In the nineteenth century, also a series of Swiss artists were influenced by the well-represented Münchner Schule: Johann Gottfried Steffan (1815–1905), Otto Frölicher (1840–1890) and Adolf Stäbli (1842–1901), as well as Gottlieb Emil Rittmeyer (1820–1904), active in St. Gallen, for whom Stubete auf Alp Sol (1865) is considered a main work.

Impressionism

The class of a painting collection is always measured also on the holdings of impressionist paintings: the St. Gallen Museum is able to represent the derivation of Impressionism from the painting of the nineteenth century and its further development to the beginning of Modernism based on first-class works thanks to donations from the Sturzeneggerschen Gemäldesammlung as well as the 1999 bequest by Emma Lina Hendel. Camille Pissarro (1839–1906) was the integrating figure in the loosely bound artists’ group which included Edgar Degas (1834–1917), Claude Monet (1840–1926), Alfred Sisley (1839–1899), and Auguste Renoir (1841–1919). They are all represented with works in St. Gallen. 
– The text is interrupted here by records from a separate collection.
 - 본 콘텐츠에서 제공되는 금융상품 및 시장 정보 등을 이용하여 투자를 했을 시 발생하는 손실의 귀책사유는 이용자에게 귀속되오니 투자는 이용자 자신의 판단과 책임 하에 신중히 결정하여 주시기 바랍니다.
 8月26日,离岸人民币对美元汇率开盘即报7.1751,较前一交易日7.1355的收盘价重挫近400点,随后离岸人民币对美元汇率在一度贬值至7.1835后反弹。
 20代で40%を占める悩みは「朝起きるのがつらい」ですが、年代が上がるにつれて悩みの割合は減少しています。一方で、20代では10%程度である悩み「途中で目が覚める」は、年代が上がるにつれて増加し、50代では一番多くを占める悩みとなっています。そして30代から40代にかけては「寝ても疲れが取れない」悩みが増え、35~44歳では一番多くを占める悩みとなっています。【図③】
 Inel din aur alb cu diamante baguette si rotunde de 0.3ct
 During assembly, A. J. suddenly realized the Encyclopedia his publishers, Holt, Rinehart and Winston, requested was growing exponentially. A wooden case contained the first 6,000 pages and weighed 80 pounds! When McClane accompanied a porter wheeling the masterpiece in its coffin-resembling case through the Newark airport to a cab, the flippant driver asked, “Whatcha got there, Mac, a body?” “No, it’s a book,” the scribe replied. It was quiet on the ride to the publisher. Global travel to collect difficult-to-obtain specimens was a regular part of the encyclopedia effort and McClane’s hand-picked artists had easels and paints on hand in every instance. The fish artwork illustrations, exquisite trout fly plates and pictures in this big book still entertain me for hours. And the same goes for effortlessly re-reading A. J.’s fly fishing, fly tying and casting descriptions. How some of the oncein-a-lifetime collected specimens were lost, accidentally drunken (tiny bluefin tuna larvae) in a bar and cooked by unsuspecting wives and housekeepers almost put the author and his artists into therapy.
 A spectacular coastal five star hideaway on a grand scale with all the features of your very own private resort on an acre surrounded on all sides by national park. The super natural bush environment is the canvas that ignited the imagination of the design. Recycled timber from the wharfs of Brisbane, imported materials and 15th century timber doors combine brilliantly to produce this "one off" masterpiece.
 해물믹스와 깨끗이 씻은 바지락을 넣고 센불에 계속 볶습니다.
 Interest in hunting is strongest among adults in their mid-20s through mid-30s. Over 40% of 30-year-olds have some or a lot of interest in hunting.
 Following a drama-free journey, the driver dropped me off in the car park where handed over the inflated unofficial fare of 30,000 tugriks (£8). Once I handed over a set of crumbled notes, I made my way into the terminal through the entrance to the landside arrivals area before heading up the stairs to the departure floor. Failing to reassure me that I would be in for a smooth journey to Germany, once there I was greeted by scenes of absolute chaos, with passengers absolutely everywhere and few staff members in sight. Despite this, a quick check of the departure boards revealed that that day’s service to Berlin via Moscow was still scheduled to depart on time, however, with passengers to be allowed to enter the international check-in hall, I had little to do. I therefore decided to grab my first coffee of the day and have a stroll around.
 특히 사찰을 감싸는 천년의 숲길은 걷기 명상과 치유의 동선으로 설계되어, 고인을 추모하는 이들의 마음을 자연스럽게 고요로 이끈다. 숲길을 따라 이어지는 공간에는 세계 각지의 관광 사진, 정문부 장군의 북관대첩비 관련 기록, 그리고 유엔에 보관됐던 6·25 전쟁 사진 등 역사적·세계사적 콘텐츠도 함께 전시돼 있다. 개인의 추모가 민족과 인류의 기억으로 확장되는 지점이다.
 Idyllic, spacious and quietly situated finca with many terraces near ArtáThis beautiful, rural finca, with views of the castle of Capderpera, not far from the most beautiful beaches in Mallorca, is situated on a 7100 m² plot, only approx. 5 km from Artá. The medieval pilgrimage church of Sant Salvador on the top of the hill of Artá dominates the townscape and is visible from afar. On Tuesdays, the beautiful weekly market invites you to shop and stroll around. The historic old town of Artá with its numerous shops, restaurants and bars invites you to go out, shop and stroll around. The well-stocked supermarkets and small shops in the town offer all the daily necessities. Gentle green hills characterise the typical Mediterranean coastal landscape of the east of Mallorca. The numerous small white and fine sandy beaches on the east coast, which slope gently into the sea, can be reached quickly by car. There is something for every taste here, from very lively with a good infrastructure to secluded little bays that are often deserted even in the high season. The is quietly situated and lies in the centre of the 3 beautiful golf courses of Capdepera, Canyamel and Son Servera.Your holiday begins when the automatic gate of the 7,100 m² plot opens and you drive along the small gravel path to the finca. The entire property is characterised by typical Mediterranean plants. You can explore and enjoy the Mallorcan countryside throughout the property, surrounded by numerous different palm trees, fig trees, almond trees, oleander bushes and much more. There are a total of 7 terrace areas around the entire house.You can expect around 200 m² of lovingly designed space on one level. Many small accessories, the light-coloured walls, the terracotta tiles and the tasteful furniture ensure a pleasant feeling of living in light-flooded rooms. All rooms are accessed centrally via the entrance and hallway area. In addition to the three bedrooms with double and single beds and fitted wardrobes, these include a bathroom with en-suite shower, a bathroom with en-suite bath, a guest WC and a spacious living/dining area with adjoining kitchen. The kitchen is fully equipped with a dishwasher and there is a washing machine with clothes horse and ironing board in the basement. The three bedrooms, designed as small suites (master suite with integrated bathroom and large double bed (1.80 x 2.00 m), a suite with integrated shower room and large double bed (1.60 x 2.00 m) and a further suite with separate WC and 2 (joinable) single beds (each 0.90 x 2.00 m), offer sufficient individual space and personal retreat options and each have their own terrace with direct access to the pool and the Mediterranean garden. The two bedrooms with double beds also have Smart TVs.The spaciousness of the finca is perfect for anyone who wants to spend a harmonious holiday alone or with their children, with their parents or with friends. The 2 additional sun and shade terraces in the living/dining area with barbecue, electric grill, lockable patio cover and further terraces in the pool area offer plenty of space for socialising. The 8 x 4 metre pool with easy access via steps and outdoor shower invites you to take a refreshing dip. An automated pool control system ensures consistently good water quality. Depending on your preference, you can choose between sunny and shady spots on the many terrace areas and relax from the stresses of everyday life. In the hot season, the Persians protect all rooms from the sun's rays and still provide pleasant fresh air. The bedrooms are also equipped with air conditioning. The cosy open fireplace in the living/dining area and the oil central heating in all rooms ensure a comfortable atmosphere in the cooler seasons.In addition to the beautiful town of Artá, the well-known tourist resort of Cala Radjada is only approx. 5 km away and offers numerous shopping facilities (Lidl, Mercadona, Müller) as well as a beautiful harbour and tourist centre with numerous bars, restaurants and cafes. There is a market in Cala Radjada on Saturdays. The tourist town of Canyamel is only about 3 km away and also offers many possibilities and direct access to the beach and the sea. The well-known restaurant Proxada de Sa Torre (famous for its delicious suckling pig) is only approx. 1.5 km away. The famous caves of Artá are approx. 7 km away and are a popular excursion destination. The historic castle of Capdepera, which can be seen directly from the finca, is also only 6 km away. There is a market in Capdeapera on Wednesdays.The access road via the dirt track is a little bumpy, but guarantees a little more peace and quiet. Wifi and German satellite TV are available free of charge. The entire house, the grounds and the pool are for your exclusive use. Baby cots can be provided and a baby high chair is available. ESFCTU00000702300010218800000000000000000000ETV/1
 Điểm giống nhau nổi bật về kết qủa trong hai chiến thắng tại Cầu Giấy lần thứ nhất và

Pissarro’s The Hermitage at Pontoise was created one year before the heavily criticized first impressionist exhibition in 1874 and can be seen as a characteristic example of the decisive phase of Impressionism. The per se unspectacular motif—a building embedded between hills, with garden and fruit trees, translated in the two-dimensional tectonics of the strict pictorial development—comes alive mainly through the atmospheric play of light, which evokes a fleeting moment on the canvas.

Claude Monet provided Impressionism with a champion par excellence. His painting most consistently realizes the principle of pure visual perception. In addition to a work from the 1870s, Arm of the Seine near Vétheuil (1878), it is Palazzo Contarini, Venice (1908) that distinguishes him as a master impressionist painter of light.  Monet dissolved the classical Venetian veduta in a dense painterly weave of richly nuanced color transitions and created a vibrant visual resonance whose blue tonality is permeated with intense red, violet, and green accents. With that, Monet transcended painting’s traditional representative function in favor of a radical, new pictorial understanding, which in Palazzo Contarini allowed the possibilities of abstract art to be heard.

In Atelier des Künstlers, which shows the skylight space of the loft studio in Liebermann’s house on Pariser Square, directly next to Brandenburger Tor, Max Liebermann is portrayed entirely from the perspective of painting. The mirror image shifts the artist to the vanishing point, whereby everything is in alignement with him: the family, but mainly the tools and products of painting. The tightly hung paintings on the walls are partially identifiable: among many of his own works, standing out are Liebermann’s copy of Velázquez’s Pope Innozenz X over the sofa, and two oil studies by Edouard Manet that hang over the large flat arch. In his studio painting, Liebermann thus places himself in a single line with two of his most important art-historical references: he admired the Spanish Baroque master for his «economic» and comparatively sketch-like painting style; and as proponent of an iconography of «vie modern,» Manet, from whom he owned no less than seventeen paintings, was the father-figure of Impressionism. Liebermann, for his part, appeared as indefatigable ambassador of the new direction and became one of the impressionist painting of light’s most important representatives in Germany.